Instructions to follow — Exactly as written, print every line of the listing below and omit its pictures.
Data excerpt Block Start
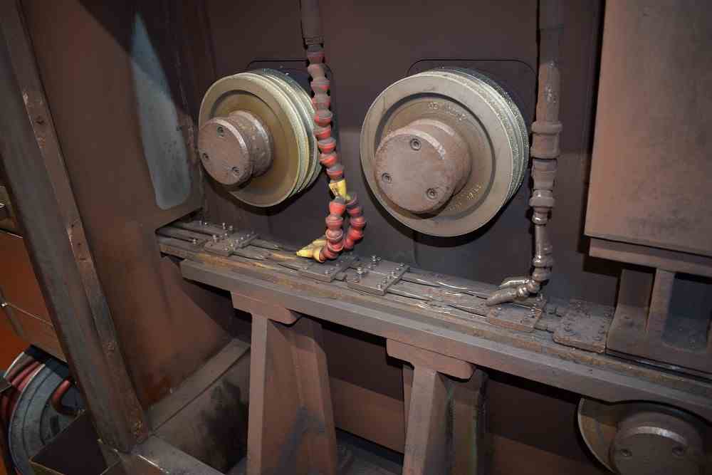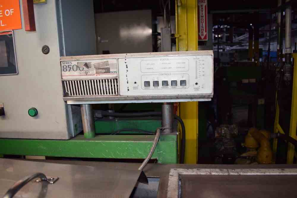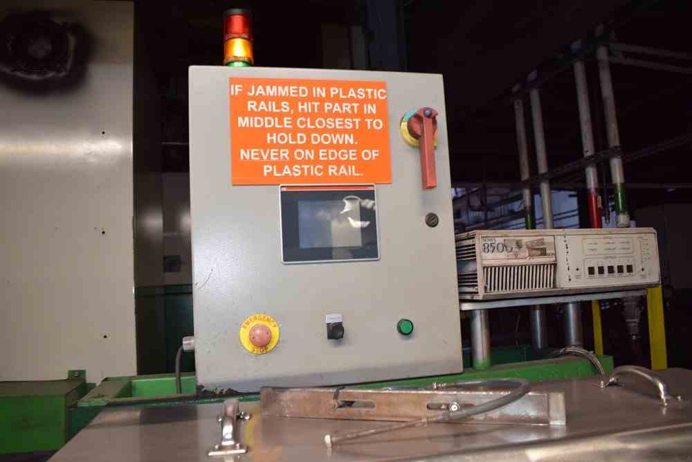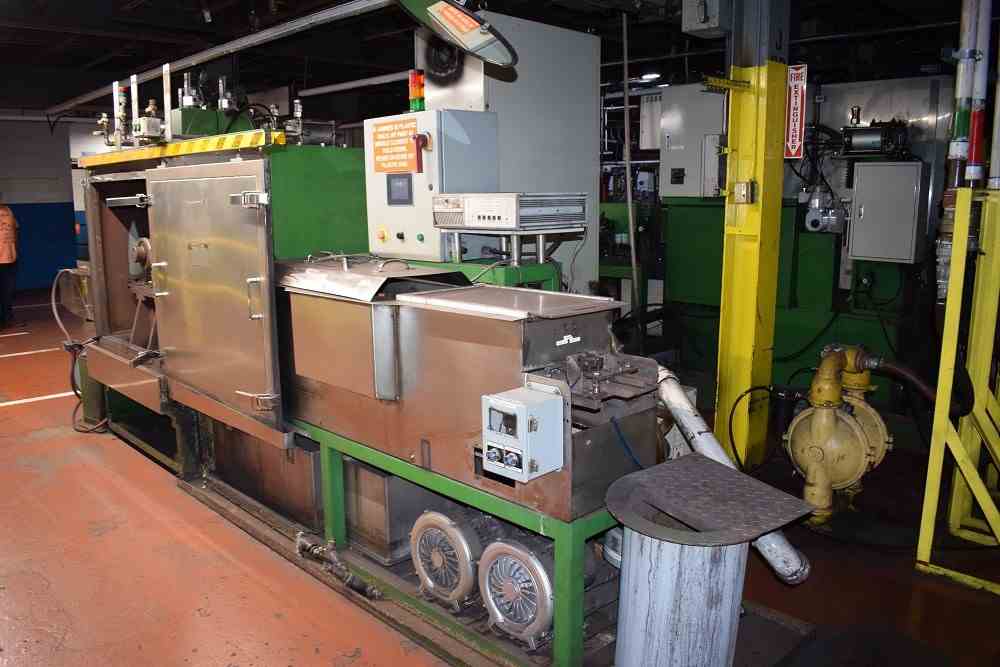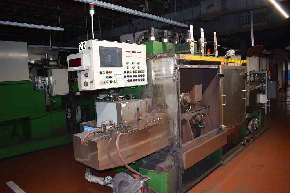 Used MEI Parallel grinder with conveyor, high-pressure sonic parts cleaner. Separate Controls.
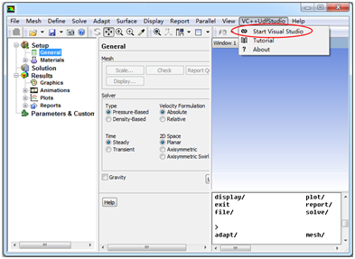 3. 双击桌面图标,选择需要版本后会自动启动Fluent,读入case后点击Fluent嵌入菜单中的“Start Visual Studio”子菜单.
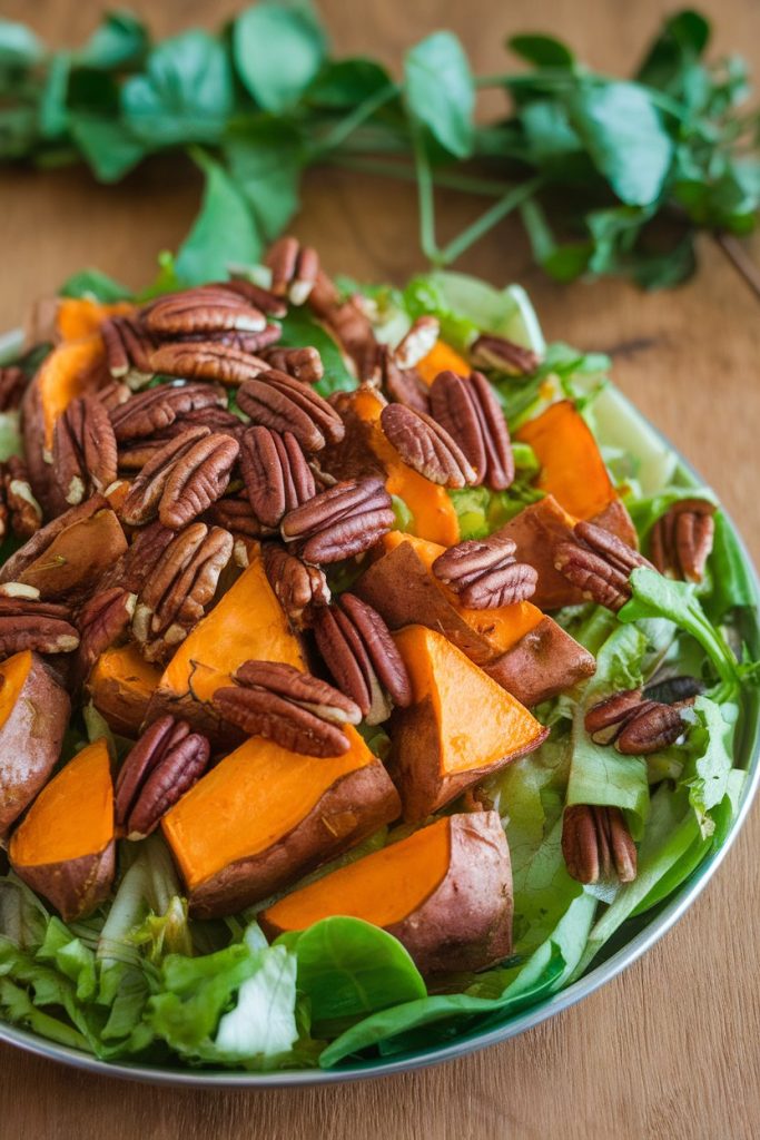 - Once the sweet potatoes have cooled, combine them with the pecans and mixed greens. Drizzle the vinaigrette over the salad and toss gently.
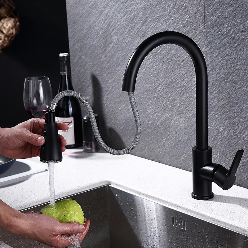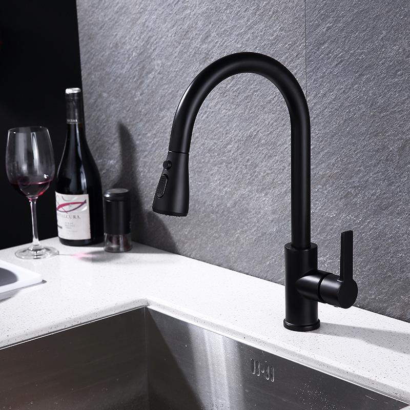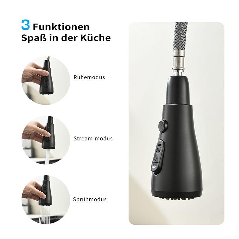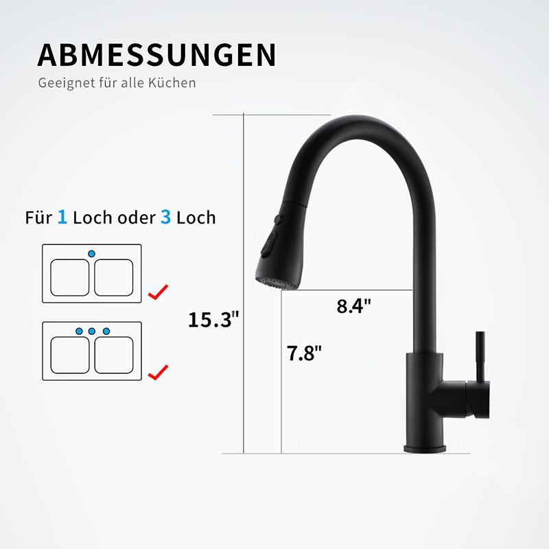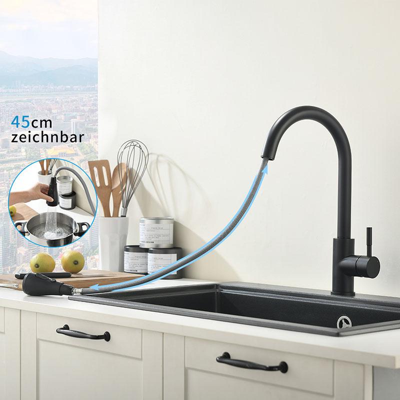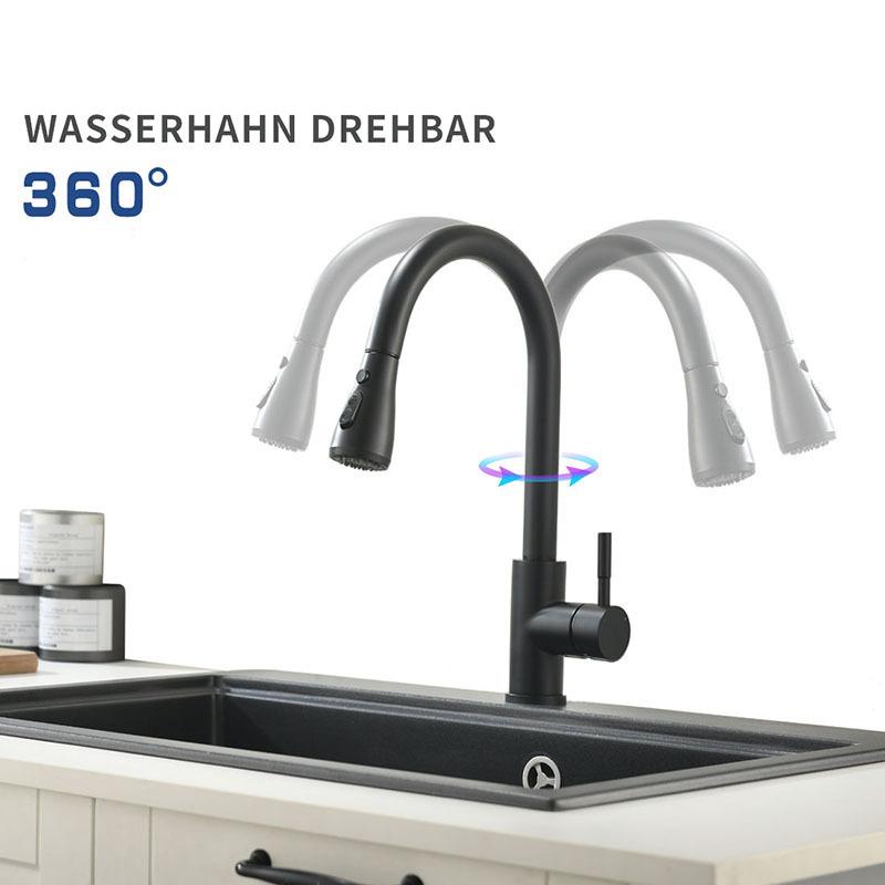 Fregadero de acero inoxidable 304 negro, fregadero doble, universal, giratorio, grifo de cocina multifuncional, agua caliente y fría
Data excerpt Block End
Exercise output —
 Used MEI Parallel grinder with conveyor, high-pressure sonic parts cleaner. Separate Controls.
 3. 双击桌面图标,选择需要版本后会自动启动Fluent,读入case后点击Fluent嵌入菜单中的“Start Visual Studio”子菜单.
 - Once the sweet potatoes have cooled, combine them with the pecans and mixed greens. Drizzle the vinaigrette over the salad and toss gently.
 Fregadero de acero inoxidable 304 negro, fregadero doble, universal, giratorio, grifo de cocina multifuncional, agua caliente y fría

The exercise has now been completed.